Hunsrück: The best is often closer than one thinks.

The recipe for happiness: a weekend of leisure, a few fill-ups of fuel and your motorcycle with the most essential luggage. The goal?

Small winding roads only a stone's throw away from your own front door with the potential to make you dizzy.

Special about the strange times we’re living in is certainly that you have more attention for the small and local things. There is hardly any other way. Our travel radius has shrunken within a very short period of time and even now, even with many borders passable, it is questionable whether longer or even long trips make sense. 

To escape the lockdown blues I spread out the map of my close neighbourhood and started to merge the smallest and most winding roads into a ride that – on paper – promised to present something special.

The ride leads the Hunsrück, a small, sparsely populated low mountain range in western Germany flanked by the rivers Rhine and Moselle. These vineyards on steep river slopes – the perfect symbiosis of man and machine - are supposed to provide a two-day rush.

The ride starts at banks of the river Rhine. The perfect spot to warm up the tires. The Middle Rhine Valley is an UNESCO World Heritage Site and is home to the highest density of medieval castles, palaces and fortresses. There is an old wall on every hill between Koblenz and Bingen.
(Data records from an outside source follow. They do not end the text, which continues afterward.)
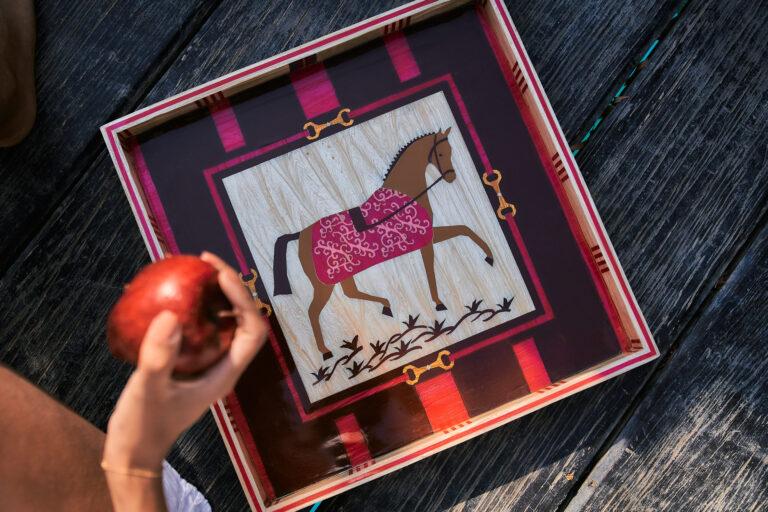 Highest quality of wood with glossy finish inlaid with mixture of mother of pearl and acrylic
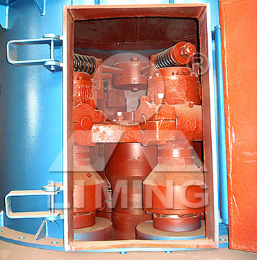 工作时,将需要粉碎的物料从机罩壳侧面的进料斗加入机内,依靠悬挂在主机梅花架上的磨辊装置,绕着垂直轴线公转,同时本身自转,由于旋转时离心力的作用,磨辊向外摆动,紧压于磨环,使铲刀铲起物料送到磨辊与磨环之间,因磨辊的滚动碾压而达到粉碎物料的目的。
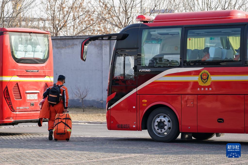 2月7日,中國救援隊隊員在北京大興消防訓練基地準備出發(fā)。
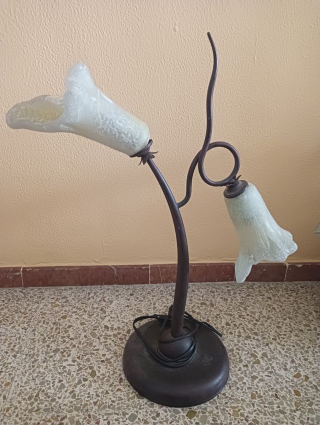 Lámpara de mesa grande, de metal y cristal, en forma de tulipa o flor. Tiene una tulipa suelta que se está apoyando sobre la base de la bombilla
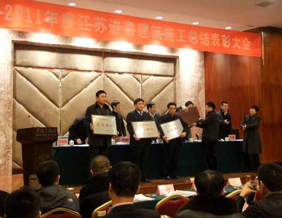 会议对2011年度江苏省进鲁施工先进集体和先进个人进行了表彰。凯发k8国际集团山东分公司荣获“江苏省进鲁施工先进单位”称号;刘亚明项目部荣获“先进项目部”称号;唐金来、李德章等四位同志荣获“2011年度江苏省进鲁施工企业优秀建造师”称号;蒋万泉、李焕发同志被评为“安全生产、质量管理先进个人”。山东分公司全体人员将以此次会议为起点,认真做好各项工作,为公司的发展再作新贡献。
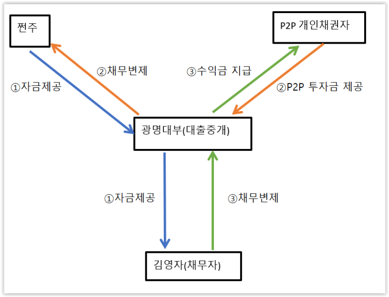 즉, 조영석은 대출금에 대해 광명대부가 P2P 투자약정(②)을 성사시키는 조건으로 대출계약 체결을 제안하였고,의뢰인은 조영석의 말을 믿고 대출에 필요한 각종 서류(연대보증 계약서, 담보제공 계약서, 법인 인감 증명서 등)를 조영석에게 주었습니다.
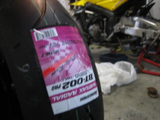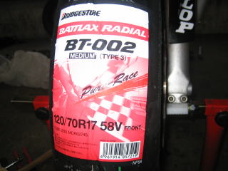 タイヤ:フロント BRIDGESTONE BT002(ミディアム) ユーズド 1.9キロ、
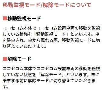 車に設置したGPS端末「ココセコム本体」を「解除モード」から「移動監視モード」に切り替えることで、愛車の移動をセコムが24時間365日監視します。
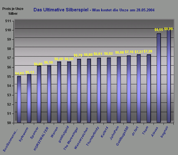 Ich sage: 7,16 $ für eine Unze Silber 9999 am 28.05.2004
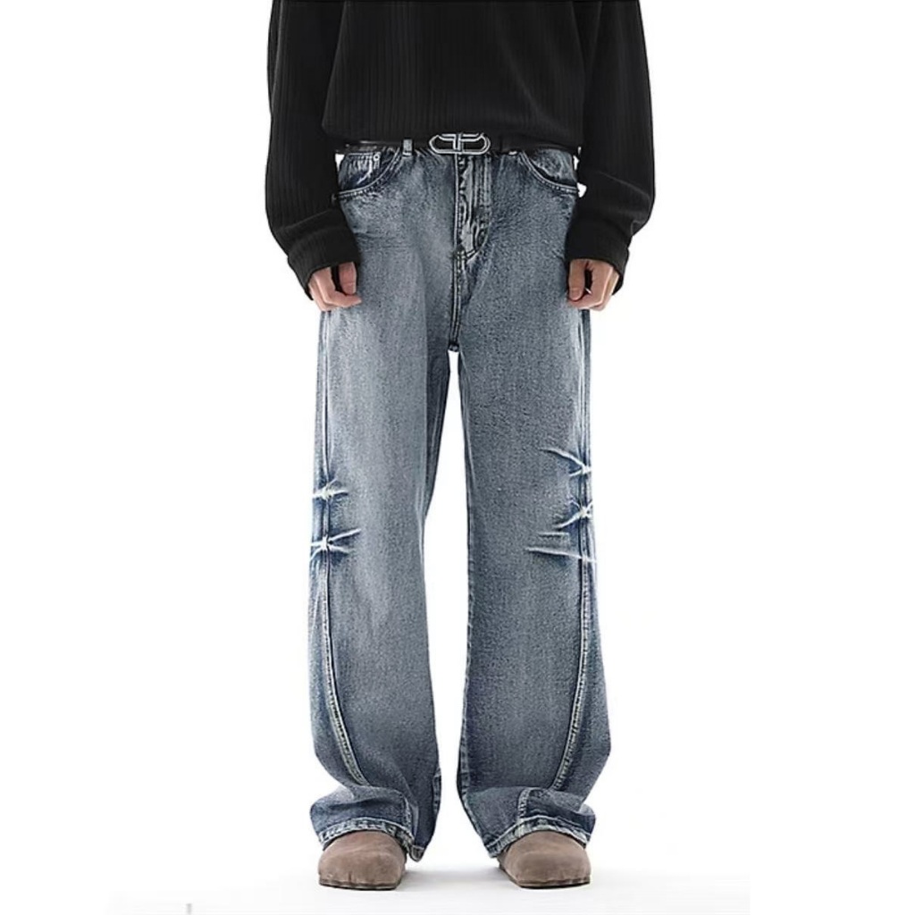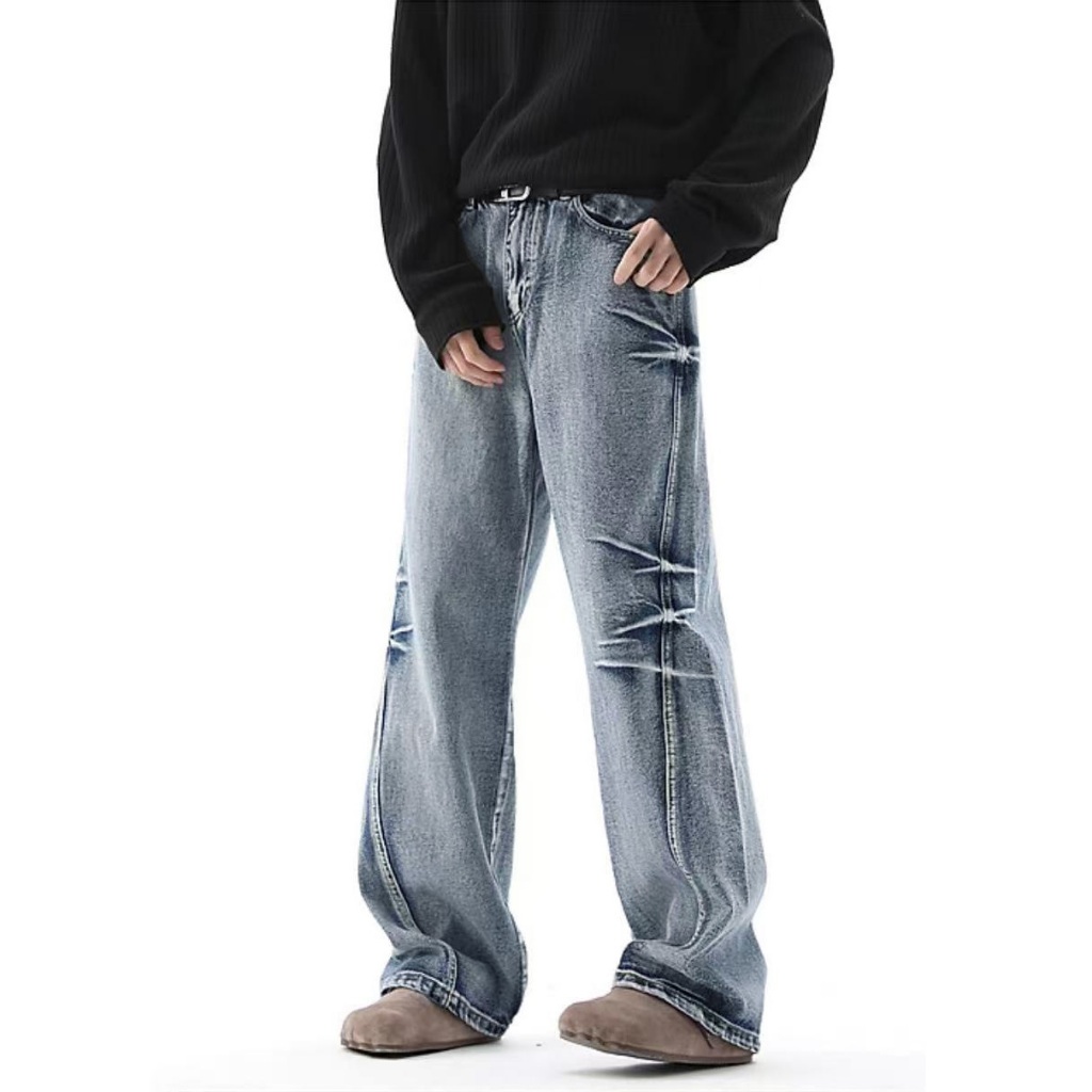 KeyBoy celana jeans pria panjang baggy wide leg kulot celana cowok dewasa casual fashion denim pants korean style
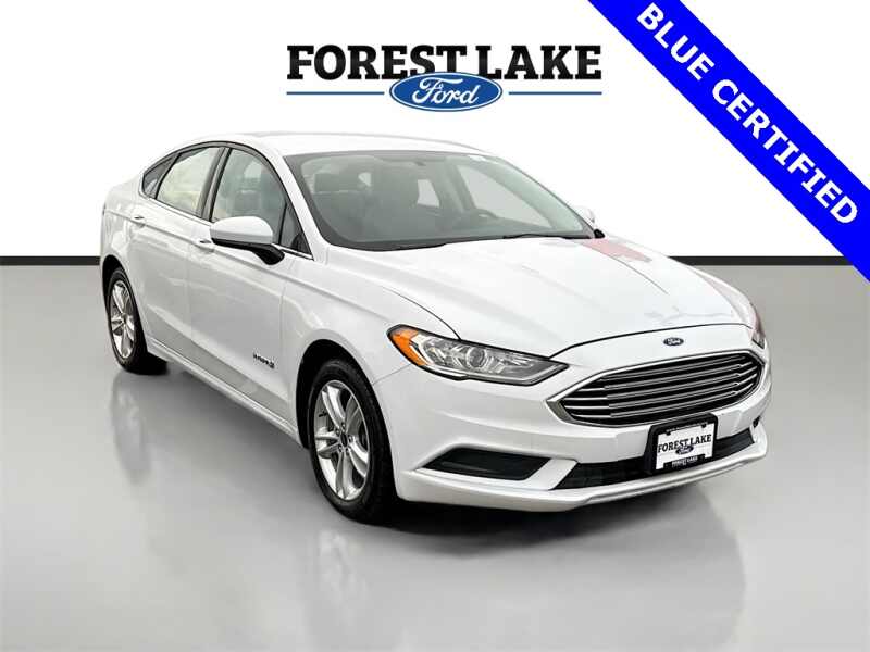 Description: Certified. 2018 Ford Fusion Hybrid S FWD E-CVT Automatic I4 Hybrid Oxford WhiteThis vehicle comes with a wide range of features including, I4 Hybrid, 9 Speakers, Automatic temperature control, Cloth Front Bucket Seats, Exterior Parking Camera Rear, Fully automatic headlights, Panic alarm, Radio AM/FM Stereo w/MP3/Single-CD Player, Security system, ...Features:- - Equipment Group 500A
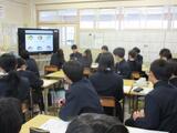 4限は全校で、第2回生徒総会に向けて今年度の生徒会活動の振り返りを行いました。本部、応援団、各専門委員会、各学年委員会の取組の報告書は、各自の学習用タブレット端末に配布されています。これを読み、それぞれの活動についての意見・質問や提案を班で話し合いました。中央委員(学年委員)の進行で、話合い活動を進めていました。画像は1年生の様子です。それぞれの場で、先輩になる日が近付いています。中学校生活にもすっかり慣れ、自分たちの手で活動を進める様子が見られました。
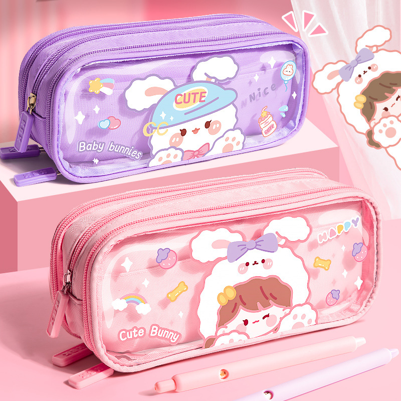 文房具ケース高颜値多机能キャンバス透明ペンバッグ中学生女子生徒大容量クリエイティブペンケース
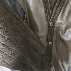 Mondo Uomo is an Italian brand specializing in leather garments, particularly jackets with mixed materials like knit and suede.
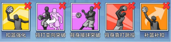 扣篮集中(被动):被动技能永远是优先选择的对象,它可以提高你的扣篮几率,让你在禁区下的得分概率大幅提升,扩大队伍优势或帮助队伍逆风翻盘。
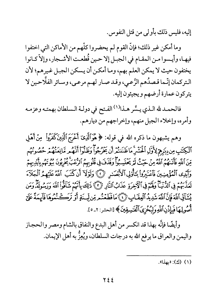 فالحمد لله الذي يسَّر هذا (¬١) الفتح في دولة السلطان بهمته وعزمه وأمره، وإخلاء الجبل منهم، وإخراجهم من ديارهم.
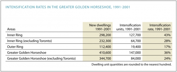 Figure 4: Intensification rates in the Greater Golden Horseshoe, 1991-2001
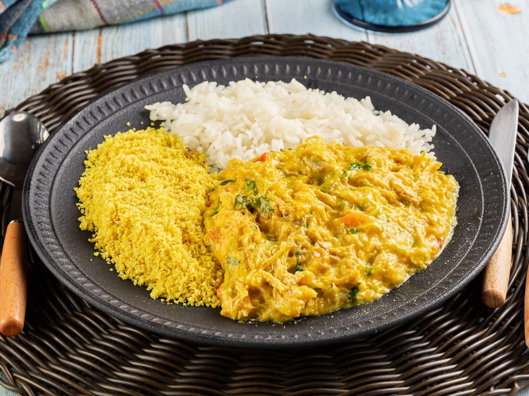 Filé de arraia desfiada, salteada com cebola, pimentão, tomate, alho e pimenta de cheiro, finalizada com molho cremoso de leite de coco e dendê (Acompanha arroz branco e farofa)
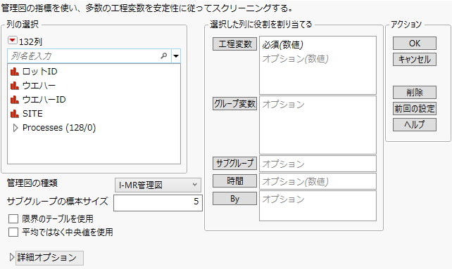 分析したい測定値を含む工程データの列。データタイプは「数値」でなければなりません。指定された工程変数の列に「管理限界」列プロパティが設定されている場合、「工程のスクリーニング」プラットフォームはそれらの値から指定されたシグマを計算し、それらの値を管理図の管理限界に設定します。
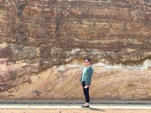 Figure 10A gives more technical details than I can give, and it is a good example of how seriously Australian’s take geology. Anything accessible has a sign explaining its geological history. Panel B shows the anticline hinge that made the site famous. Figure 10C shows the fine lamination expected in a fine-sandstone, with indications of soft-sediment deformation as well (near the key fob). Panel D shows what’s left of the hinge point. Looking back at Fig. 10B, the hinge (greatest curvature) is to the left of Yoko. That’s what is shown in panel D. In other words, this anticline was folding over like so many others (e.g., Fig 9) when the rocks were deeply buried and being compressed. I walked all around the site but found no glaring evidence of the fault referred to in Fig. 10A.
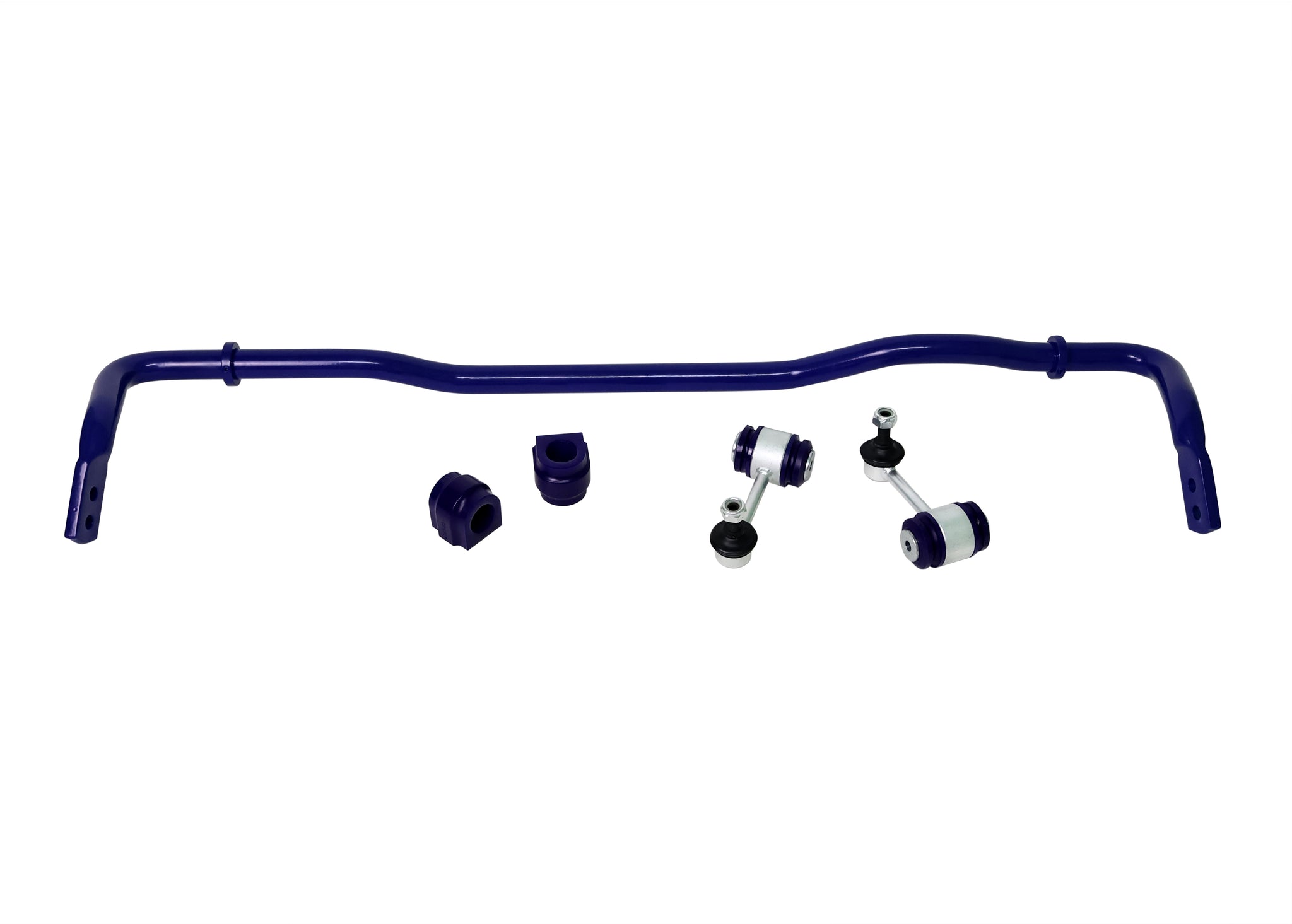 Sway Bar - 24mm 2 Point Adjustable Rear Sway Bar And End Link Set For Improved Stability 24mm adjustable rear sway bar with heavy-duty end links for improved stability, handling, and reduced body roll in cornering If you are looking for increased cornering capabilities with decreased body roll, Roll Control sway bars are the answer! Adjustable sway bar rates can be increased between 30-50% over OE sway bars by simply changing the end link position on the sway bar. In addition to the fundamental body control and roll reduction adjustable bars allow owners to quickly and easily adjust chassis balance with common hand tools to significantly alter the car's behavior to suit how or where the car is being used. Looking for more rotation at lower speeds at a weekend AutoX event? Move the rear bar to a stiffer position and/or the front bar to a softer position. Need a more neutral balance for higher speed track work where the front and rear end break away more uniformly and naturally? Adjust the bars to counter understeer or oversteer for the most confident and predictable handling. Adjustable design for customizable handling balance Heavy-duty end links for durability under load Improves stability and cornering response 24mm diameter bar for increased roll stiffness
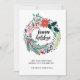 Rustic Greenery Red Poinsettia Floral Wreath Chic Holiday Card
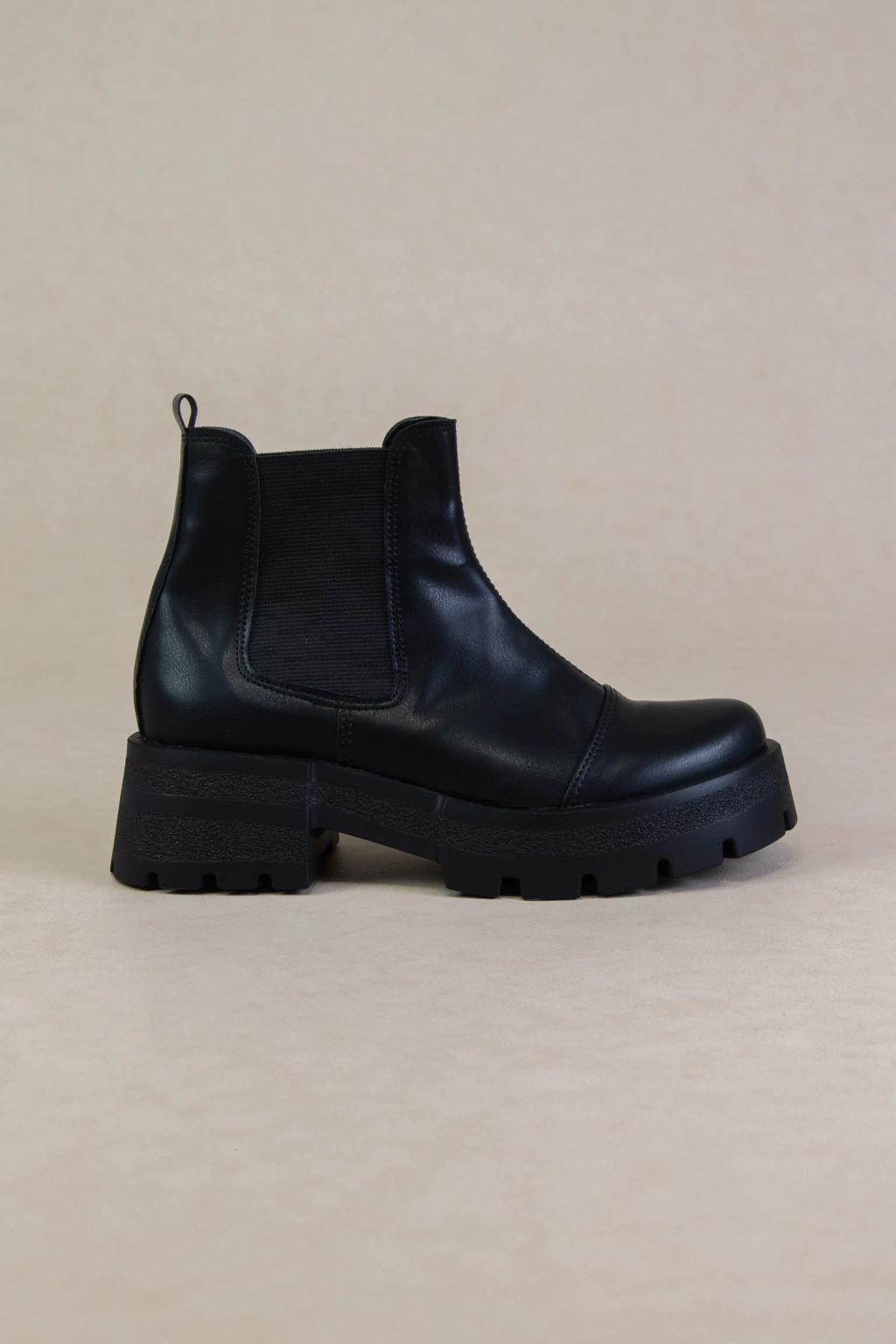 Botas hechas en eco cuero y elastico en ambos lados que facilita su acceso. Tiene una base de goma antideslizante con un taco bajo de 5cm. y una caña de 12cm.

From Boppard the route climbs up. The Hunsrück is calling and the world is getting sideways. There are hardly any straights left on the partly single-lane roads. Curves are speeding towards me, the brake points are in place, fields and woods disappear as green smears on the edge of the visor.

The sky opens up. What a vastness! The bends get wide, the country road is perfectly paved and leads to the horizon. Low hanging clouds travel quickly over the landscape, giving the summer sky a beautiful contour; they chase shadows over the ripe fields. What a day to ride a motorcycle.

On the Moselle, the Hunsrück and Eifel shake hands and impressive river loops alternate with fast mountain sections. From above the river looks like the southern side of the Swiss Maloja Pass and winds its way in tight loops between the low mountain ranges.

The Hills around the villages are almost completely covered with vineyards, which are typical for the region.

The juice of the vines not only holds together the souls of wine lovers around the globe, but also sustainably lubricates the tourist engine. This is a matter of superlatives, because the world's largest continuous Riesling cultivation area stretches along the Moselle slopes, and at the same time the region is the largest steep-slope cultivation area in the world. The vines, which thrive on slate and shell limestone, stretch out towards the sun on slopes that are up to 65 degrees steep. The predominantly white wine is in demand, guests come from near and far. 

The next mountain stage is calling me.

I shift down twice and shoot up the Hunsrück again. The area here is sparsely populated and an El Dorado for all those whose flow of traffic should remain undisturbed by town signs. A wonderful contrast to the frequented river valleys. Poppies and sunflowers grow in the fields and as the engine silences for a moment I listen to the midsummer insect concert.

In Mörsdorf it is worth to leave the motorbike and walk to the 360 meter long Gaierlay hanging rope bridge. Not without reason this impressive construction is a rather popular Instagram motive.

The road layout around Cochem and Treis-Karden is unique. Here again, curve after curve is lined up and the views over the river valley are often breath-taking. The partly single-lane roads literally stick to the slopes and exposed serpentines let you look deep down, almost like in the high mountains. From here, detours to the Eifel are also tempting, but that is actually a completely different story.

The route leads back eastwards over tiny asphalt strips, crossing a main road here and there or passing through a village.

From the mountain ranges above the Rhine you can get a glimpse of the place from which a beguilingly singing woman is said to have been the fate of many a skipper. She was called Loreley, the femme fatale of the Middle Rhine. According to the legend, the breath-taking blonde sat on the rock named after her, coiffed her flowing hair with a golden comb and sang so sweetly that it almost turned the heads of the boatmen on the Rhine. Visually and acoustically captivated in this way, they steered their barges one after the other onto the treacherous rocks and sank with man and mouse into the waters.

It is probably an irony of fate that in 2003 of all years a passenger ship of the same name ran aground in front of the cliff.  

The area is not embarrassed by such stories and there are curious myths almost as many as there are curves.

In Sankt Goar I cross the Rhine by ferry in the shadow of the Rheinfels Castle. Boats are the only way between Koblenz and Wiesbaden to reach the other bank of the river with dry feet. There are no bridges on the almost 100 kilometres. Seagulls screech in the evening light and there is an almost maritime atmosphere.

The weekend is coming to an end and the trip counter of my Honda is almost 500 kilometres richer. It's amazing what you can experience on a weekend almost on your own doorstep.